Google Talk is Google's instant communications service. Interestingly the IM messages aren't the major architectural challenge, handling user presence indications dominate the design. They also have the challenge of handling small low latency messages and integrating with many other systems. How do they do it?
Site: http://www.google.com/talk
Information Sources
GoogleTalk Architecture
Platform
Linux
Java
Google Stack
Shard
What's Inside?
The Stats
Support presence and messages for millions of users.
Handles billions of packets per day in under 100ms.
IM is different than many other applications because the requests are small packets.
Routing and application logic are applied per packet for sender and receiver.
Messages must be delivered in-order.
Architecture extends to new clients and Google services.
Lessons Learned
Measure the right thing.
- People ask about how many IMs do you deliver or how many active users. Turns out not to be the right engineering question.
- Hard part of IM is how to show correct present to all connected users because growth is non-linear: ConnectedUsers * BuddyListSize * OnlineStateChanges
- A linear user grown can mean a very non-linear server growth which requires serving many billions of presence packets per day.
- Have a large number friends and presence explodes. The number IMs not that
big of deal.
Real Life Load Tests
- Lab tests are good, but don't tell you enough.
- Did a backend launch before the real product launch.
- Simulate presence requests and going on-line and off-line for weeks
and months, even if real data is not returned. It works out many of the
kinks in network, failover, etc.
Dynamic Resharding
- Divide user data or load across shards.
- Google Talk backend servers handle traffic for a subset of users.
- Make it easy to change the number of shards with zero downtime.
- Don't shard across data centers. Try and keep users local.
- Servers can bring down servers and backups take over. Then you can bring up new servers and data migrated automatically and clients auto detect and go to new servers.
Add Abstractions to Hide System Complexity
- Different systems should have little knowledge of each other, especially when separate groups are working together.
- Gmail and Orkut don't know about sharding, load-balancing, or fail-over, data center architecture, or number of servers. Can change at anytime without cascading changes throughout the system.
- Abstract these complexities into a set of gateways that are discovered at runtime.
- RPC infrastructure should handle rerouting.
Understand Semantics of Lower Level Libraries
- Everything is abstracted, but you must still have enough knowledge of how they work to architect your system.
- Does your RPC create TCP connections to all or some of your servers? Very different implications.
- Does the library performance health checking? This is architectural implications as you can have separate system failing independently.
- Which kernel operation should you use? IM requires a lot connections but few have any activity. Use epoll vs poll/select.
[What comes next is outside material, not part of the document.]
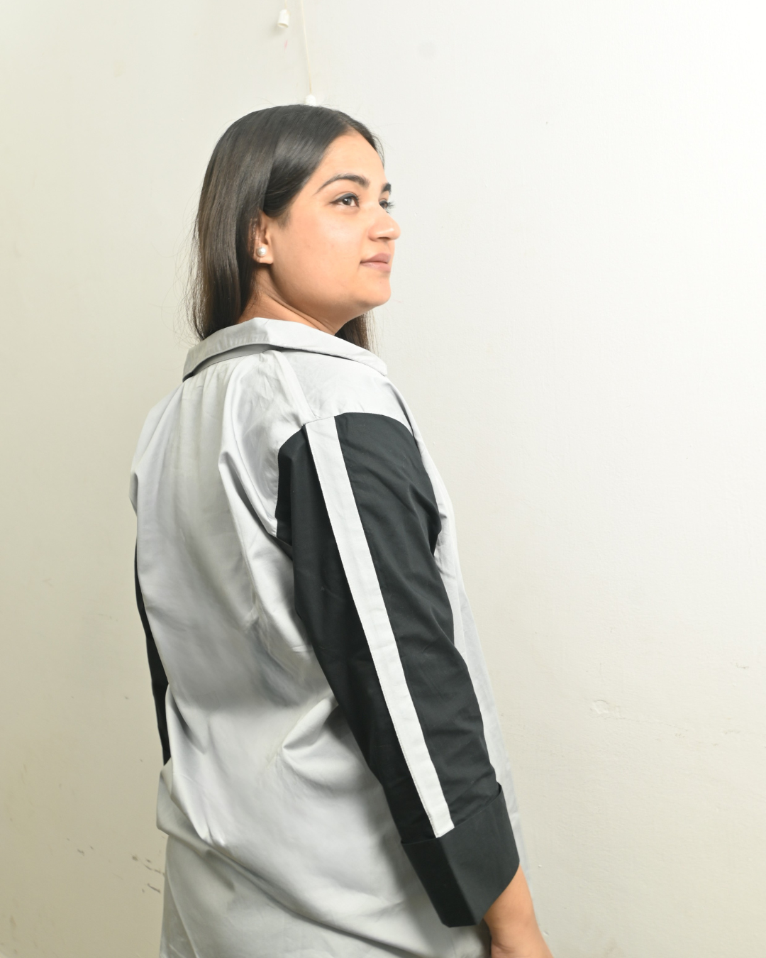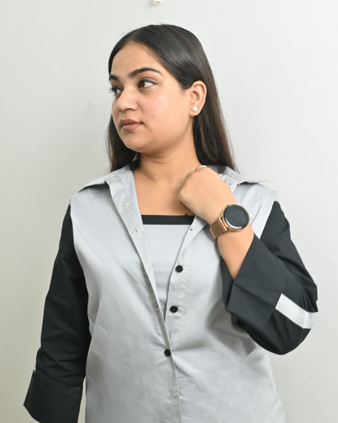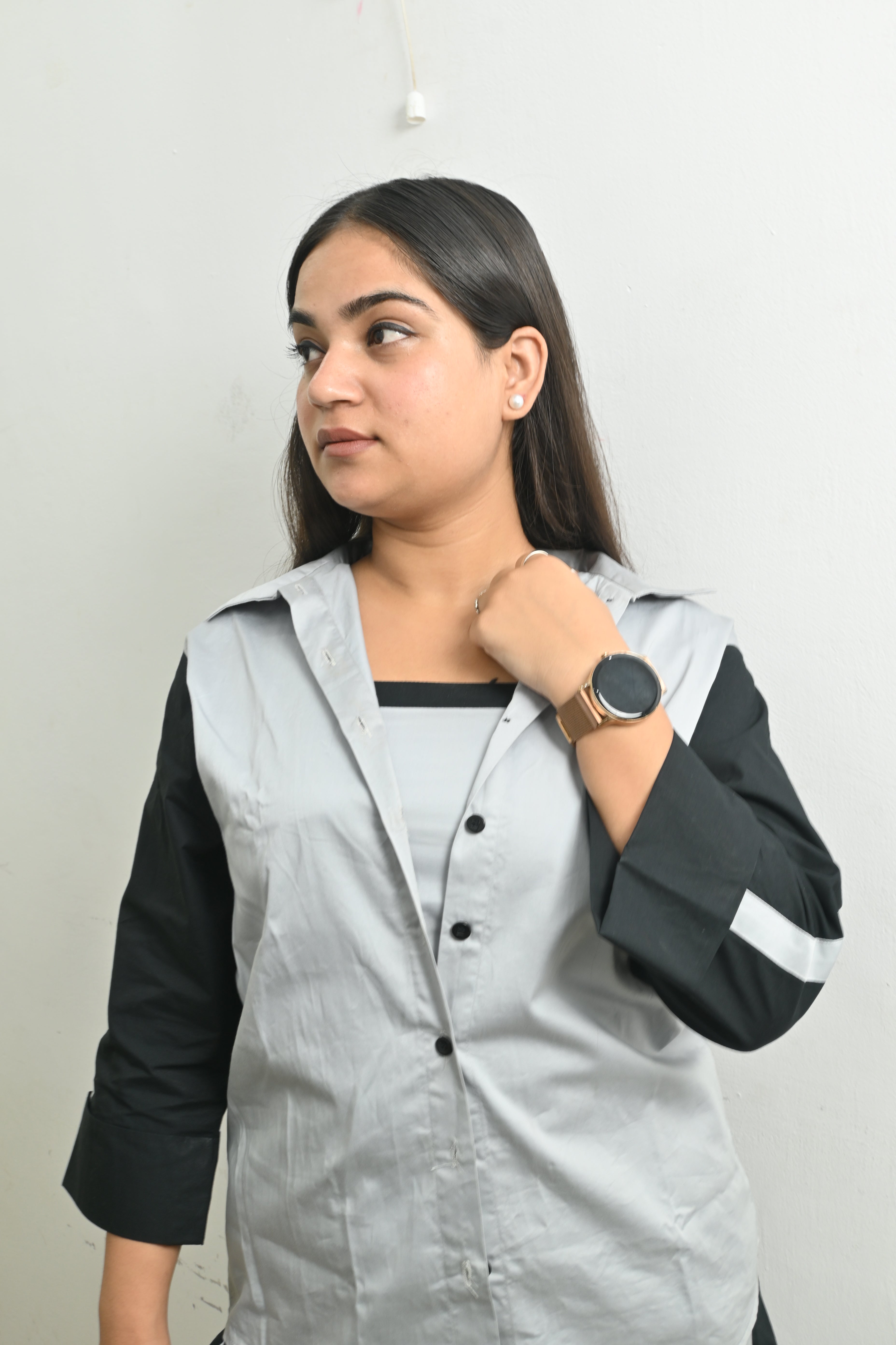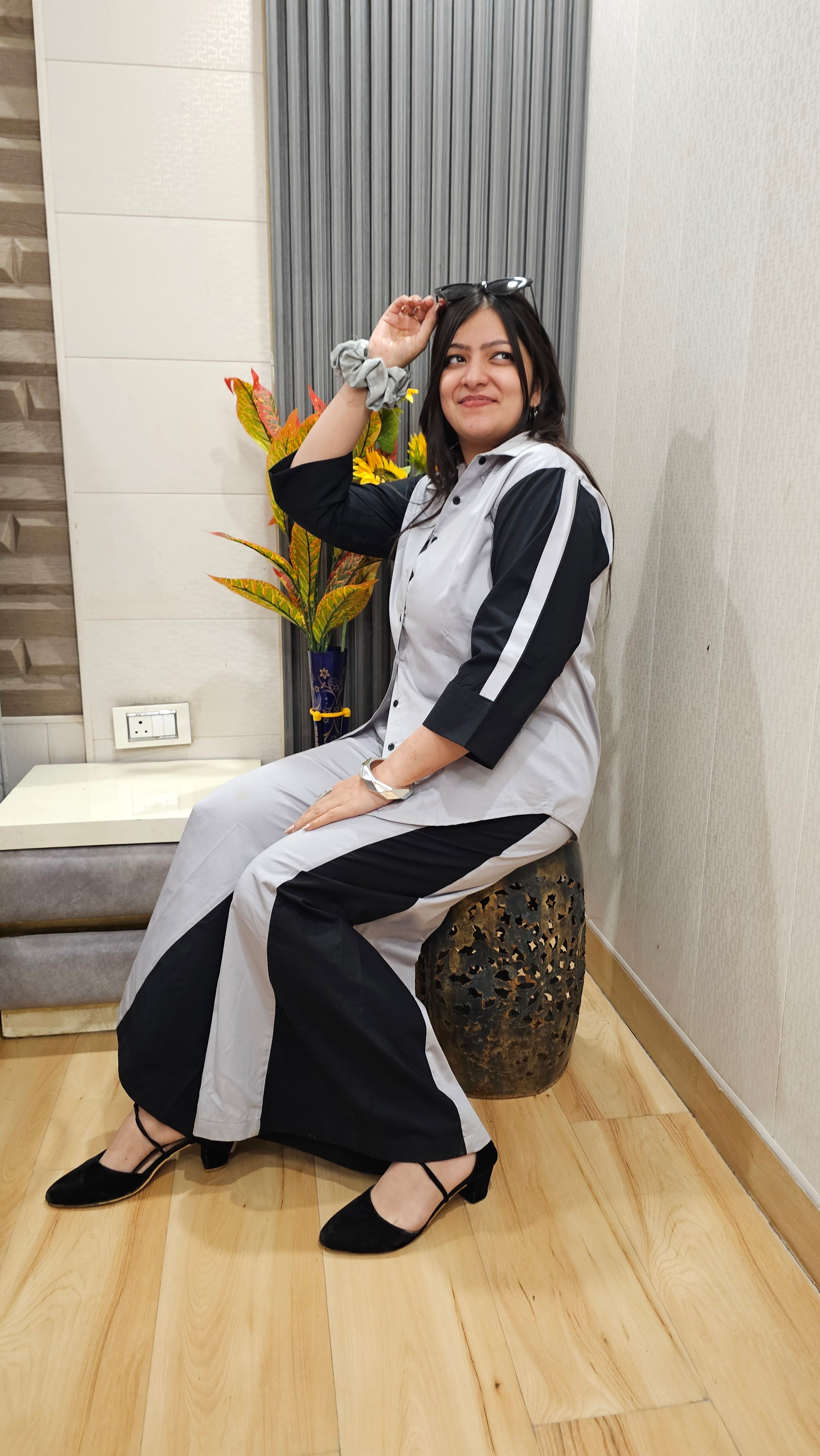 Elevate your everyday style with this chic 3-piece contrast co-ord set, crafted for girls who love comfort with a modern edge. Featuring a sleek black–grey button-down shirt, a matching crop inner, and wide-leg panel pants, this set gives you a stylishly elongated silhouette with effortless charm. Perfect for college, café outings, shopping days, or travel looks.

Protect Again Operation Problems
- Smooth out all spoke in server activity graphs.
- What happens when servers restart with an empty cache?
- What happens if traffic shifts to a new data center?
- Limit cascading problems. Back of from busy servers. Don't accept work when sick.
- Isolate in emergencies. Don't infect others with your problems.
- Have intelligent retry logic policies abstracted away. Don't sit in hard 1msec retry loops, for example.
Any Scalable System is a Distributed System
- Add fault tolerance to every component of the system. Everything fails.
- Add ability to profile live servers without impacting server. Allows continual improvement.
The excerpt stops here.